Figure 2 -. Estimated genome size (C-value) of parasitic plants. The C-values were obtained from Plant DNA C-values Database (Leitch et al., 2019) maintained by Kew Royal Botanic Garden. The prime estimated c-value (in Mbp) from the database was compared with a list of parasitic plant genera (U.S. DEPARTMENT OF AGRICULTURE, 2024). Only families that have a minimum of two genera of parasitic plant species with documented C-values in the database were examined in this analysis. The grey bars represent the range of C-values observed in each group, from the lowest to the largest, while the red bars indicate the average genome size. The dashed line indicates the average genome size of all angiosperm plants recorded in the database. For Santalaceae, the genera included were Rhoiacarpos sp., Santalum sp. and Comandra sp. In Orobanchaceae, the listed genera were Bartsia sp., Bellardia sp., Cistanche sp., Euphrasia spp., Melampyrum spp., Nothobartsia sp., Odontitella sp., Parentucellia sp., Pedicularis spp., Phelipanche spp., Phelypaea spp., Schwalbea sp., Orobanche spp., Pedicularis spp., Odontites ssp. and Rhinanthus spp. Convolvulaceae included Cuscuta spp. Loranthaceae encompassed the genera Alepis sp., Amylotheca sp., Benthamina sp., Decaisnina spp., Dendrophthoe spp., Diplatia spp., Amyema spp., Nuytsia sp., Loranthus spp., Lysiana sp., Macrosolen sp., Ileostylus sp., Muellerina spp., Peraxilla spp., Sogerianthe sp. and Tupeia sp. Finally, Viscaceae comprised Viscum spp. and Arceuthobium sp.
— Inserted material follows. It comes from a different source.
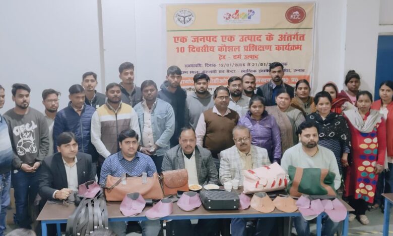 कानपुर : उन्नाव, गुरुवार को उत्तर प्रदेश सरकार की महत्वाकांक्षी योजना एक जिला एक उत्पाद (ओडीओपी) के चर्म उत्पाद ट्रेड के दस दिवसीय प्रशिक्षण कार्यक्रम सफलतापूर्वक समापन हुआ। कार्यक्रम में जिला उद्योग केन्द्र से सहायक प्रबंधक चन्द्र किशोर वर्मा ने सभी प्रशिक्षार्थियो के दस दिनों में निर्मित लेदर के उत्पादों को देखकर उनकी सराहना की। उन्होंने बताया उन्नाव की उपायुक्त उद्योग करुणा राय के दिशा निर्देशों में ओडीओपी तथा विश्वकर्मा योजना का गुणवत्तापूर्ण प्रशिक्षण उन्नाव के अलग अलग केंद्रों में दिया जा रहा है। इसी के अंतर्गत केएलसी इंस्टिट्यूट लेदर के विभिन्न उत्पाद में गुणवत्तापूर्ण प्रशिक्षण दे रहा है। कार्यक्रम में उपस्थित स्वास्तिक इंटरनेशनल के निदेशक कपिल शुक्ला तथा आशुतोष शुक्ला ने सभी प्रशिक्षार्थियों को लेदर क्षेत्र में रोजगार तथा स्वरोजगार के अवसरों से अवगत कराया। उन्होंने बताया कि आप इस योजना की टूलकिट से घरों पर अपना कार्य आरम्भ करके जॉब वर्क अथवा ऑनलाइन पोर्टल पर अपने लेदर के उत्पादों को बेच सकते है। कार्यक्रम में उपस्थित कानपुर उन्नाव लेदर क्लस्टर(केएलसी) इंस्टीट्यूट के मुख्य कार्यकारी अधिकारी इमरान सिद्दकी ने ओडीओपी प्रशिक्षण कार्यक्रम के समापन समारोह में उपस्थित सभी अतिथियों का आभार जताया। उन्होंने सरकार द्वारा चलायी जा रही योजना,बैंक द्वारा मिल रहे ब्याज मुक्त लोन आदि से सभी जुड़कर आगे बढ़ने की सलाह दी। अन्त में केएलसी इंस्टीट्यूट से शिशिर अवस्थी ने छात्रों द्वारा प्रशिक्षण कार्यक्रम में बनाये गये लेदर बैग,पर्स,बेल्ट,जूते के अपर आदि उत्पादों की तारीफ करते हुए सभी 50 प्रशिक्षार्थियों के उज्ज्वल भविष्य की कामना की। इसके पश्चात् सभी दो बैचों के प्रशिक्षार्थियों का लेदर सेक्टर स्किल काउंसिल के एग्जामनर द्वारा आरपीएल असेसमेंट कराया गया। इस मौके पर प्रमुख रूप से विकास दीक्षित,रितिक सिंह,अतुल,अभिषेक,विनीत प्रजापति आदि लोग उपस्थित रहे।

Figure 3 -. Number of protein-coding genes in the genome of parasitic plants compared to nonparasitic plants. Only those with fully sequenced and assembled genomes. The arrangement reflects the degree of host dependence. At the top, in green, are the free-living plants, which include Manihot esculenta (Alaba et al., 2014), Arabidopsis thaliana (Lamesch et al., 2012), Ipomoea nil (Hoshino et al., 2016), Mimulus guttatus (Hellsten et al., 2013) and Lindenbergia luchunensis (Xu et al., 2022). In light yellow, facultative hemiparasite Phtheirospermum japonicum (Cui et al., 2020). The obligate hemiparasite Striga asiatica (Yoshida et al., 2019) in dark yellow. Holoparasites are depicted in orange/red and include Cuscuta australis (Sun et al., 2018), Cuscuta campestris (Vogel et al., 2018), Orobanche cumana (Xu et al., 2022), and Phelipanche aegyptiaca (Xu et al., 2022). Lastly, the endophytic holoparasite Sapria himalayana (Cai et al., 2021) is shown in red, representing the most extreme parasitism.

Figure 4 -. The progression of haustoria formation in P. japonicum (A) Initially, the figure on the left illustrates the root’s anatomical layers without a host, highlighting its independent structure. (B) The prehaustorium phase marks the beginning of haustorial development. (C) This phase transitions into the invading haustorium stage, where the haustorium starts to penetrate the host tissue. (D) The process culminates in the mature haustorium stage, establishing a vascular connection with the host and facilitating nutrient exchange. The diagram labels various anatomical features, including the epidermis (Ep), cortex (Co), endodermis (Ed), vascular system (VS), haustorial hairs (HH), paratracheal parenchyma (PP), procambium-like cells (PL), intrusive cells (IC), tracheary elements (TE), xylem bridge (XB), and plate xylem (PX), to illustrate the complex interactions and transformations involved in haustoria development.